57. In the Court of Appeal decision of Gurcharn Singh T/A Kessar Singh V. Khudroad Rhan s/o Khudadad Construction Co. – HCCC NO. 1547 of 1969, Hancox J (as he then was) was of the view:-
“……….that the Advocate’s mistake (or that of his clerk) should not weigh unduly, and in my view that should be the correct approach to an Application of this nature. As I said in Eldoret HCCC No. 14 of 1980 – The Municipal Council of Eldoret V James Nyakeno, “the Court goes by the principle that such an ex-parte judgment having been entered neither upon merits of the case nor by consent of the parties is subject to the Court’s power of revocation at its discretion.” It is unfortunate that Advocates’ sins and omissions are sometimes visited on their clients who are left without the remedy they sought, but to sue the Advocate for professional negligence, but where a litigant shows that his default has been due to the party’s Advocate’s mistake in an Application of this nature, unless injustice would be occasioned to the other party the Court should consider the Applicant’s case with broad understanding.”
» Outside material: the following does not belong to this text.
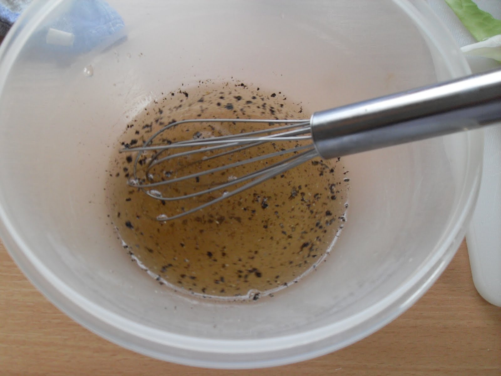 Für die Marinade die restlichen Zutaten in einer anderen Schüssel gut verrühren (Öl erst zum Schluss) bis der Zucker komplett aufgelöst ist.

58. In conclusion I find that setting aside of the ex parte judgment is a matter of the discretion of the Court whose main aim is doing justice between the parties as was held in the case of Esther Wamaitha Njihia & 2 others vs. Safaricom Ltd [2014] eKLR where the Court citing relevant cases on the issue held inter alia:-
‘‘The discretion is free and the main concern of the Courts is to do justice to the parties before it (seePatel vs E.A. Cargo Handling Services Ltd.) the discretion is intended to be exercised to avoid injustice or hardship resulting from accident, inadvertence or excusable mistake or error but is not designed to assist a person who deliberately sought, whether by evasion or otherwise, to obstruct or delay the cause of justice (seeShah vs. Mbogo). The nature of the action should be considered, the defence if any should also be considered; and so should the question as to whether the Plaintiff can reasonably be compensated by costs for any delay bearing in mind that to deny a litigant a hearing should be the last resort of a Court. (SeeSebei District Administration vs Gasyali.It also goes without saying that the reason for failure to attend should be considered."
59. Taking into account the circumstances of this case, and the balance of convenience, the Court finds no prejudice on the Plaintiff/Respondent that cannot be remedied with the compensation in costs.
60. Accordingly, I allow the Application dated the 29th August 2019. The 5th Defendant/Applicant shall have the costs of the Application
Dated and delivered at Nyeri this 8th day of May 2020.